SMOTE vs SMOTE-ENN: Which is more effective for Churn Prediction in Imbalanced Banking Data
An imbalanced dataset is a type of dataset where the number of instances belonging to one class is significantly higher or lower than the number of instances belonging to the other class. In other words, the distribution of the target variable is not uniform across the different classes. which can lead to bias in learning and also it makes difficult to evaluate the model.
There are various techniques to handle imbalance datasets but SMOTE (Synthetic Minority Oversampling Technique) is used widely. Which creates artificial data points around the minority class.
Problem with SMOTE
it can lead to the creation of noisy and irrelevant synthetic samples in regions of feature space where the minority class is highly concentrated. This can result in overfitting and reduced generalization performance of the model.
SMOTE with the Edited Nearest Neighbors (ENN)
SMOTENN (SMOTE-ENN) is a variant of SMOTE that addresses this limitation by combining SMOTE with the Edited Nearest Neighbors (ENN) technique. ENN is a data filtering technique that removes noisy and irrelevant samples from the dataset.

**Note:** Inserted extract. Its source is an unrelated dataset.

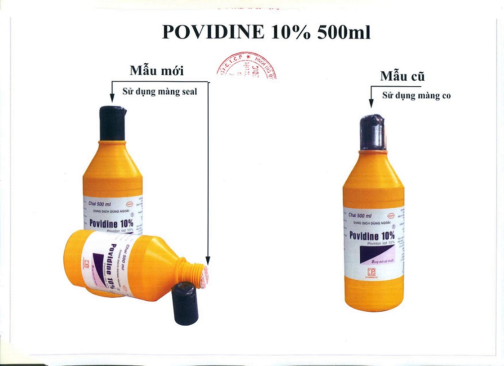 POVIDINE 10% (chai 500 ml) kể từ lô 0110220 sẽ thay đổi mẫu mã bao bì ( bỏ màng co, sử dụng màng seal)

By combining SMOTE with ENN, SMOTENN is able to generate synthetic samples that are more representative of the minority class and reduce the presence of noisy samples. This can lead to improved generalization performance of the model.
We will be assessing the effectiveness of SMOTE and SMOTE-ENN on the Churn Prediction problem. Our goal is to predict high-risk customers who are likely to leave the banking industry.
The target class distribution for this problem is given below.
It can be seen that 20% of the total customers have churned, while the rest of the customers are still active. Due to this, the target class is highly imbalanced.
The main focus of this problem is to prioritize the detection of customers who are likely to churn over those who are likely to stay. As a result, recall is a crucial metric for this task.
Baseline Model (Without Balancing data)
log_reg = LogisticRegression()
log_reg.fit(X_train,Y_train)
evaluate_model(log_reg,X_train,Y_train,X_test,y_test,fit=True)
Recall : 0.19
It is apparent that the model is unable to detect churned customers when the data is unbalanced, as the recall metric is very low, specifically 0.19.
SMOTE
oversample = SMOTE()
x_train, y_train = oversample.fit_resample(X_train, Y_train)
log_reg_smote = LogisticRegression()
log_reg_smote.fit(x_train,y_train)
evaluate_model(log_reg_smote,x_train,y_train,X_test,y_test,fit=True)
Recall: 0.70
After implementing the SMOTE technique, the recall metric has increased significantly to 0.70. However, there is still room for further improvement in the model’s performance.
SMOTE- ENN
smt = SMOTEENN(random_state=42)
x_train, y_train = smt.fit_resample(X_train, Y_train)
x_train=pd.DataFrame(x_train,columns = x.columns)
X_test=pd.DataFrame(X_test,columns = x.columns)
log_reg_smote_ENN = LogisticRegression()
log_reg_smote_ENN.fit(x_train,y_train)
evaluate_model(log_reg_smote_ENN,x_train,y_train,X_test,y_test,fit=True)
Recall: 0.77
Upon implementing SMOTE-ENN, we can observe a considerable improvement in the recall metric, which has increased to 0.77. It has outperformed SMOTE in terms of performance.
Conclusion:
By using SMOTE-ENN instead of SMOTE, we were able to improve the recall metric significantly. This is because SMOTE-ENN acts as a filter to SMOTE, removing noisy samples and providing a cleaner dataset for modeling. As a result, the model trained on the SMOTE-ENN balanced dataset was better able to capture the underlying patterns in the data and make more accurate predictions on the minority class.